The comedian’s latest TV offering The Birth of Hollywood focuses on the beginnings of cinema, and with the Have I Got News For You pundit prancing around in a beige suit, pastel shirt and panama hat, you’d be forgiven for thinking he was trying to recreate the look of the early 1900’s too.
Straight away you can sense Merton’s excitement and eagerness to tell the story of how Tinseltown came to be, and despite coming across like a giddy nervous schoolboy on an American field trip at times, the comic passionately and expertly explains the story of how stage actors once earning $5 a day came to be millionaires on screens across the world.
The story of cinema starts in New York, with Thomas Edison and his company inventing a wooden ‘peep show’ box capable of showing moving images when hand-cranked by a viewer. This machine, the equivalent of today’s YouTube, meant that people around the world could for the first time see events they couldn’t watch in person, such as strongmen flexing their muscles, boxing matches illegal in some states, and exotic dancers, with the charismatic Merton providing an example of the latter on his visit to Ellis Island.
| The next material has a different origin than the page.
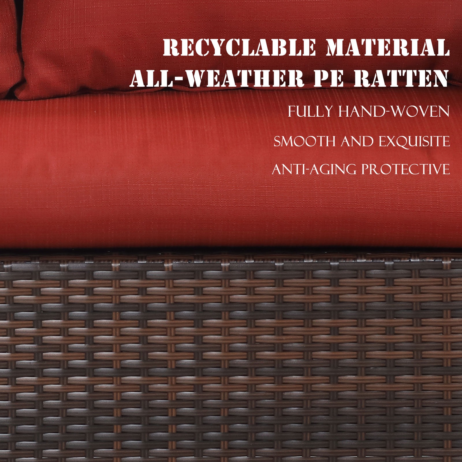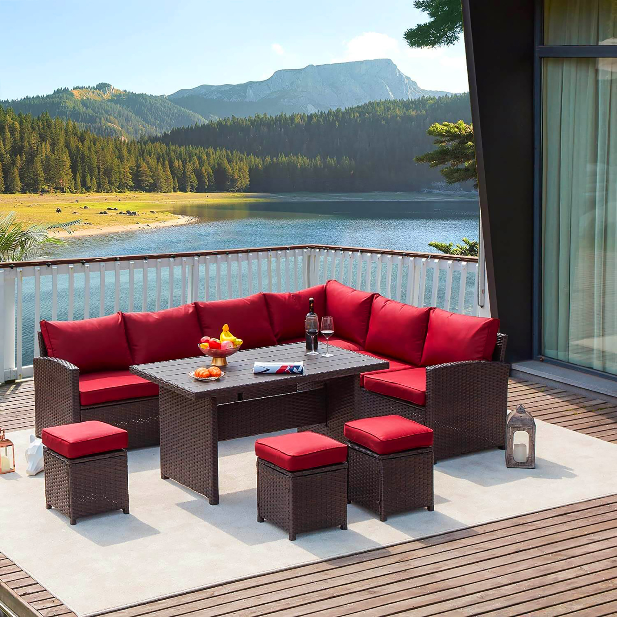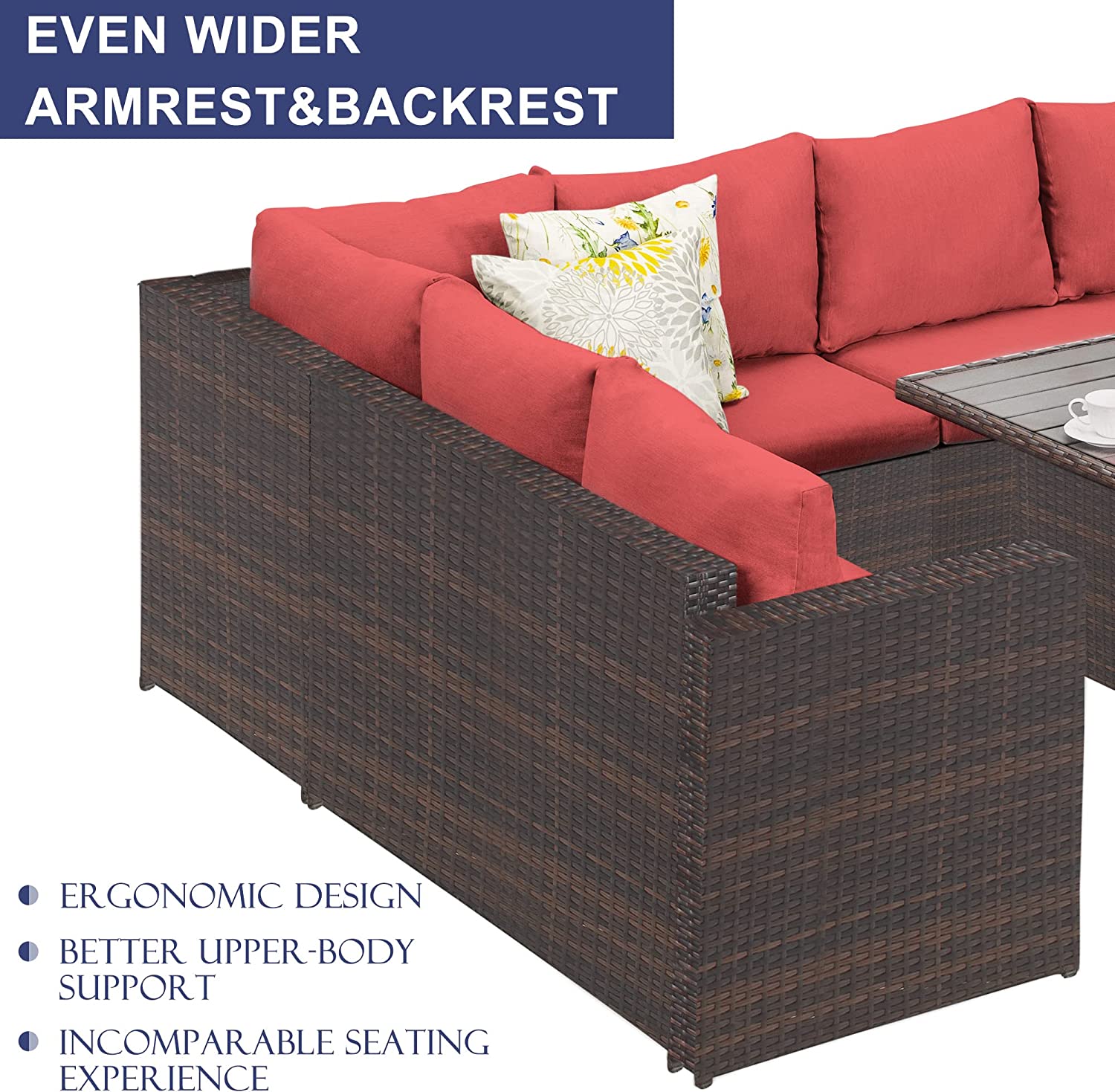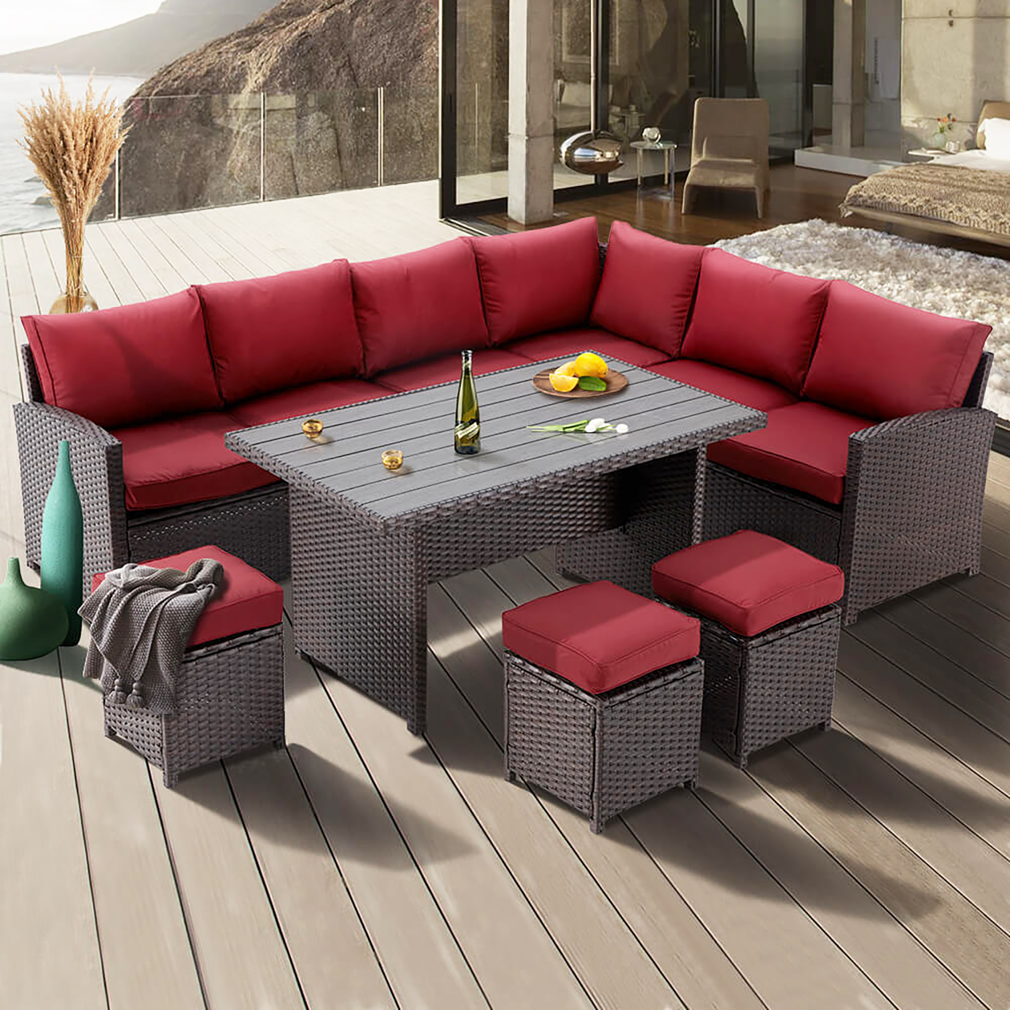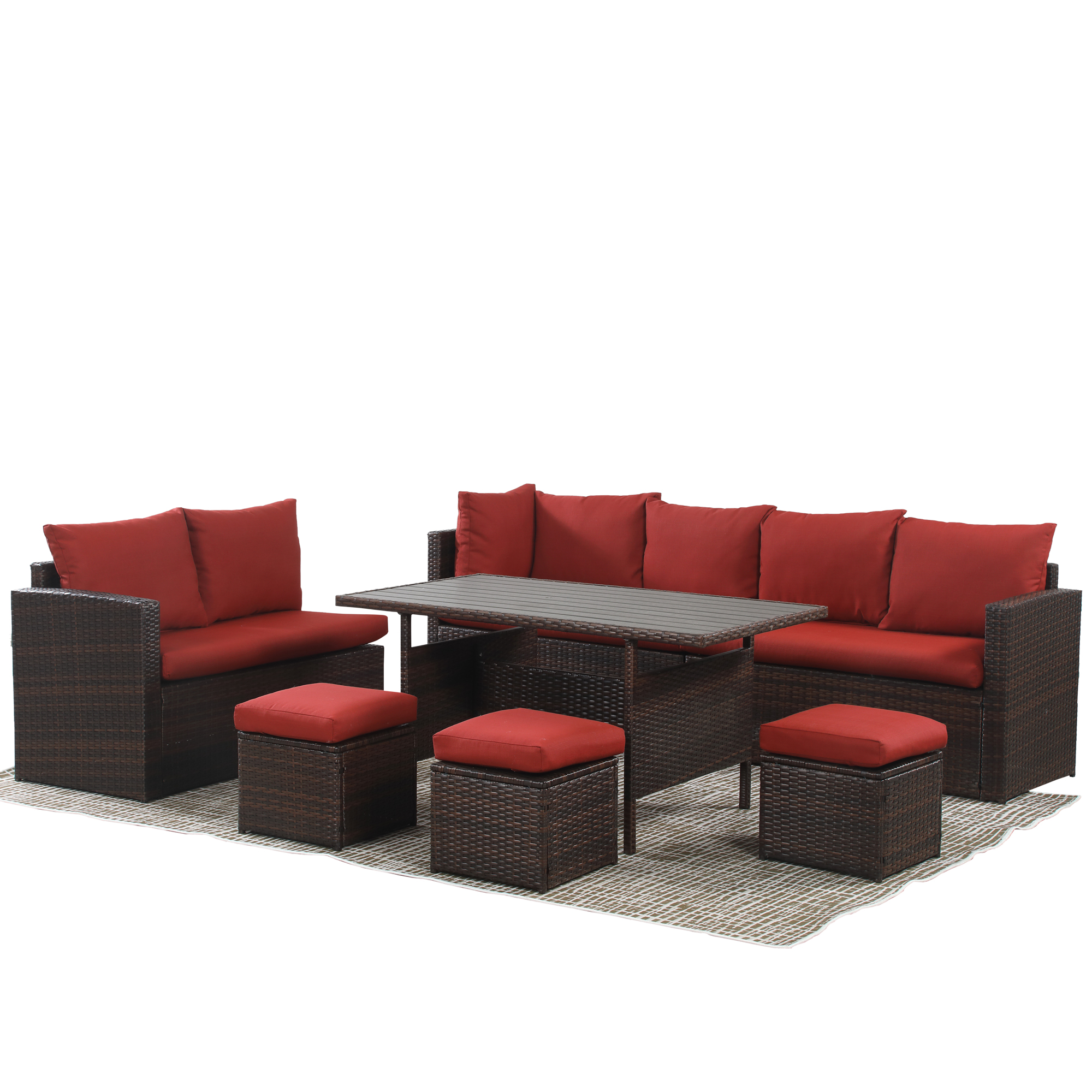 Glavbiku 7 Piece Outdoor Patio Furniture Set, Outdoor Rattan Wicker Dining Table Set with 9 Seat,Red

It’s interesting to learn that the 35mm film used in Edison’s original machine is still the standard used today by the industry, though thankfully due to spotlights we’ve moved on from the days of using a revolving studio that’s spins to face the sun for light. Some inventive Frenchmen helped this technology along as projectors were created, meaning that for the first time people were able to watch Hollywood classics such as the hand painted The Great Train Robbery on the big screen in 1903. Hoards of cinema goers would pile into ‘nickelodeon’s’ to watch films, these being converted shopfronts and churches that would often struggle to contain audiences as animated as the films themselves.
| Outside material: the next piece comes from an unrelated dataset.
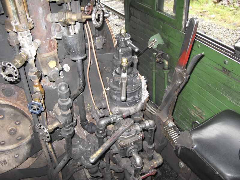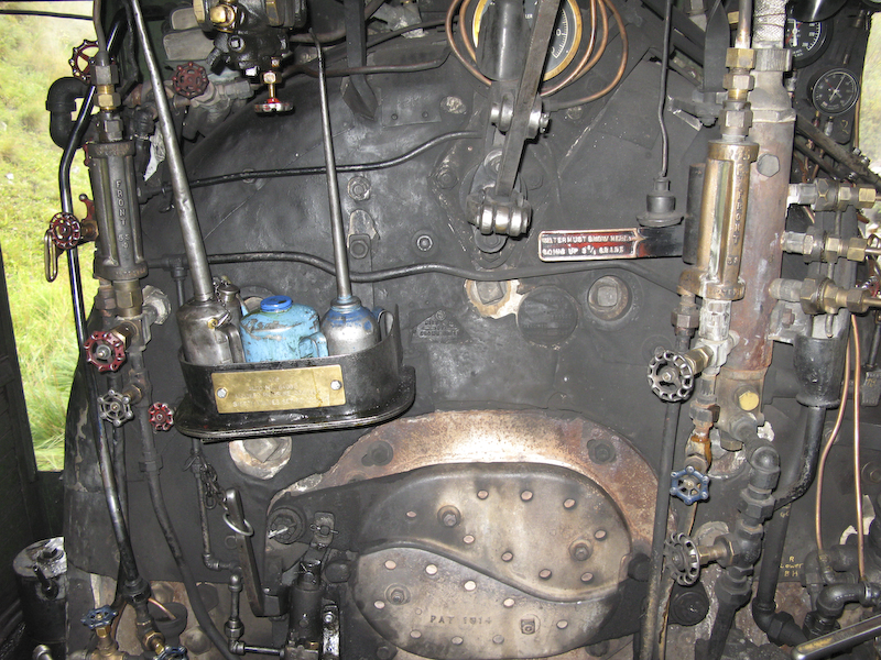 We gave the camera to the engineer to get these shots. The cab is cramped and hot and a maze of pipes and valves.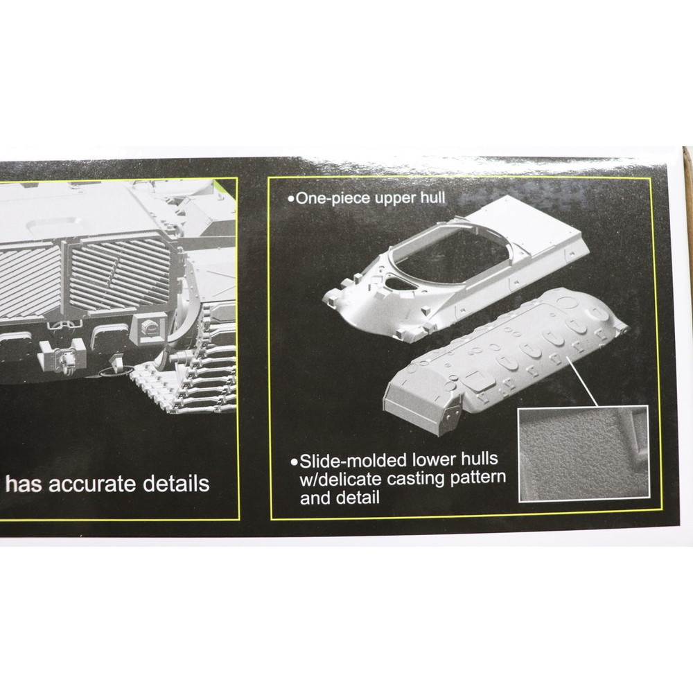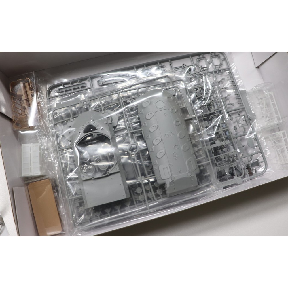 M48パットンならE派の車体下部はスライド金型を使って形状を再現するとともに鋳造の質感も表現します。加えて車体上部は一体パーツで形状を再現。

As the medium gained strength, Edison become increasing wary about protecting his invention, hiring mobs to go around and destroy camera crews not part of the ‘kick back’ cartel created to ensure he got his dues. To escape the clutches of these gangs, smaller film crews relocated to South California, out of the reach of the inventor’s iron patent grip on the technology.
They soon however discovered that the combination of cheap rent and all year round of sun made Los Angeles a more attractive place to film then New York, and soon the rest of film industry followed suit. American Cinema’s big break happened with the advent of World War I and with the country’s European competition effectively wiped out, Hollywood got a taste for the first time of the power it enjoys today.
Merton’s BBC documentary, the first of a series on the birth and growth of cinema, is fascinating and very informative, being thoroughly research with everything the comedian refers to gloriously backed up by examples of 100 year-old film. The viewer learns how Mary Pickford became ‘the world’s sweetheart’, how Charlie Chaplin went from stage performer to international superstar, and how the term ‘cliff-hanger’ comes from the then rocky outcrops of Fort Lee, where The Perils of Pauline was filmed, a forerunner to the soap operas of today.
It’s also interesting to discover the power of cinema as a propaganda tool, with D. W. Griffith’s Birth of a Nation, based on the racist novel ‘The Clansman’, reinvigorating the Klu Klax Klan movement and prompting thousands of hooded Americans to march across Washington.
Racism aside, The Birth of Hollywood really does show us a story that is a shining example of how immigrants lived the American dream, with many Europeans making millions out of the industry after journeying across the pond. As Merton himself describes it, Hollywood is a “rustic backwater stuffed with oranges that’s been turned into something much more than a place, a state of mind – power, excess, fame, wealth, and ambition”.